== DATA FOR THIS TASK ==

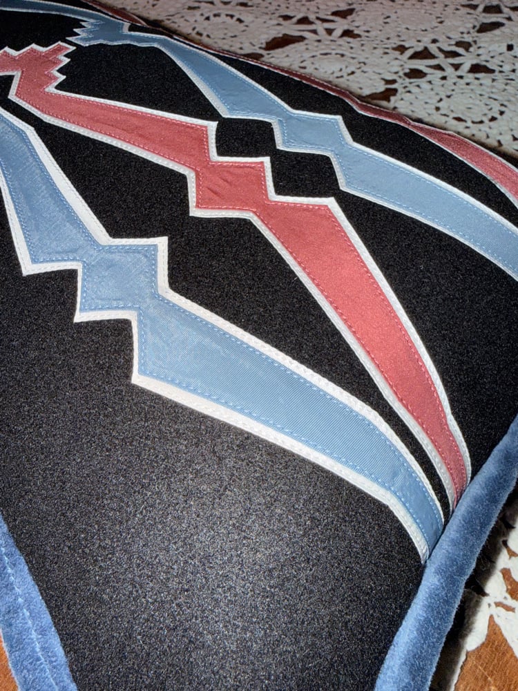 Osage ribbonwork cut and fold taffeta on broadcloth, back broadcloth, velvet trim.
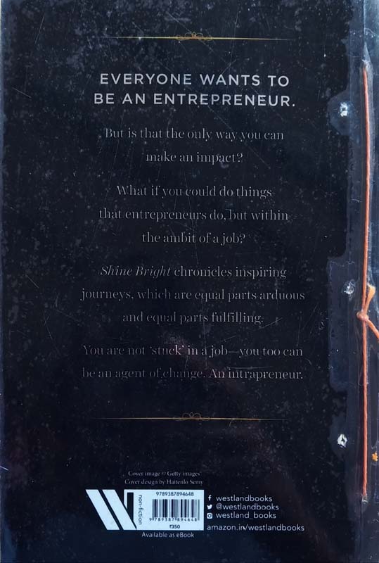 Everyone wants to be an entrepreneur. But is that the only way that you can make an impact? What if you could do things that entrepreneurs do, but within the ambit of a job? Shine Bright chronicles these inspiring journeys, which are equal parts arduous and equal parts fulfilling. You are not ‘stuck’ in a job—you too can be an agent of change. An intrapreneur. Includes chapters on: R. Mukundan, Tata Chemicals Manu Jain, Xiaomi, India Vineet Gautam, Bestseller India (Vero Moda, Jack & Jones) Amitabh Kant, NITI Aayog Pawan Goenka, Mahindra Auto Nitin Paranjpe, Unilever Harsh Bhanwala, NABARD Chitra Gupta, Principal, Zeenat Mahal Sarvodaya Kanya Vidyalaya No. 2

===
== DATA FOR THIS TASK ==

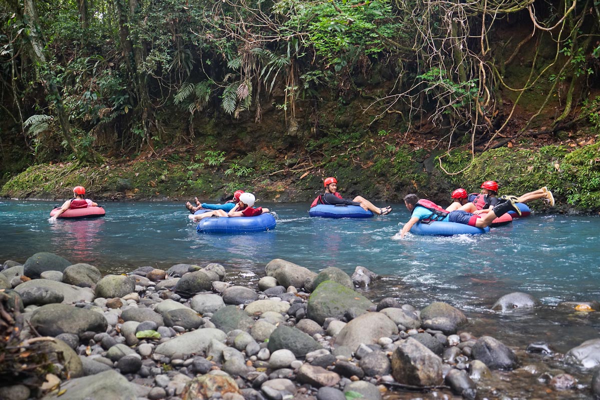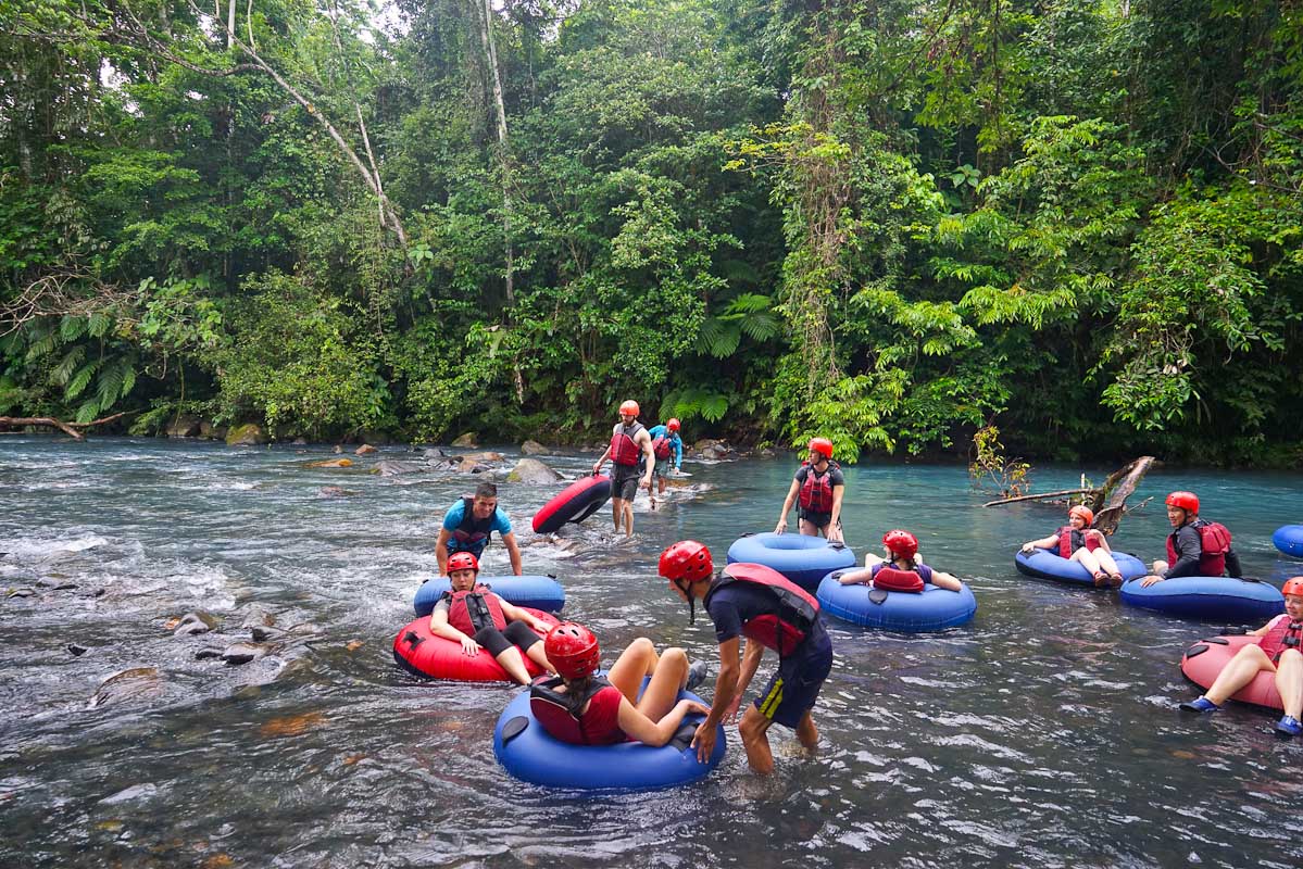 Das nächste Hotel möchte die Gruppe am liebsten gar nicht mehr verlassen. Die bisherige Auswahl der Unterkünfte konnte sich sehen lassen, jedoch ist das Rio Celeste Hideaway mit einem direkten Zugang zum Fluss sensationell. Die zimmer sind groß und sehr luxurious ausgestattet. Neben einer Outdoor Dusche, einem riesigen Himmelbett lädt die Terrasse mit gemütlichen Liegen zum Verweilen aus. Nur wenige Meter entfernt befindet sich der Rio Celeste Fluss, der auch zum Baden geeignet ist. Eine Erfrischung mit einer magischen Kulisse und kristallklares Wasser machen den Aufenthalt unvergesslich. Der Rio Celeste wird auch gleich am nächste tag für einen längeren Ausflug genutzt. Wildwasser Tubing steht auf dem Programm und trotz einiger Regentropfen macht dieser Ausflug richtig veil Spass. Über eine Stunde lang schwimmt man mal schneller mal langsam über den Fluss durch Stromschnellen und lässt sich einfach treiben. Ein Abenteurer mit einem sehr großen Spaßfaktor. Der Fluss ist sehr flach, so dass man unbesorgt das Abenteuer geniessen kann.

===

◆ **WORK TO COMPLETE**:
Would you please repeat only the lines above, beginning at the one that has "Osage ribbonwork cut" and stopping after the one that has "Everyone wants to", exactly and with no pictures?

◆ **SOLUTION BELOW**:
 Osage ribbonwork cut and fold taffeta on broadcloth, back broadcloth, velvet trim.
 Everyone wants to be an entrepreneur. But is that the only way that you can make an impact? What if you could do things that entrepreneurs do, but within the ambit of a job? Shine Bright chronicles these inspiring journeys, which are equal parts arduous and equal parts fulfilling. You are not ‘stuck’ in a job—you too can be an agent of change. An intrapreneur. Includes chapters on: R. Mukundan, Tata Chemicals Manu Jain, Xiaomi, India Vineet Gautam, Bestseller India (Vero Moda, Jack & Jones) Amitabh Kant, NITI Aayog Pawan Goenka, Mahindra Auto Nitin Paranjpe, Unilever Harsh Bhanwala, NABARD Chitra Gupta, Principal, Zeenat Mahal Sarvodaya Kanya Vidyalaya No. 2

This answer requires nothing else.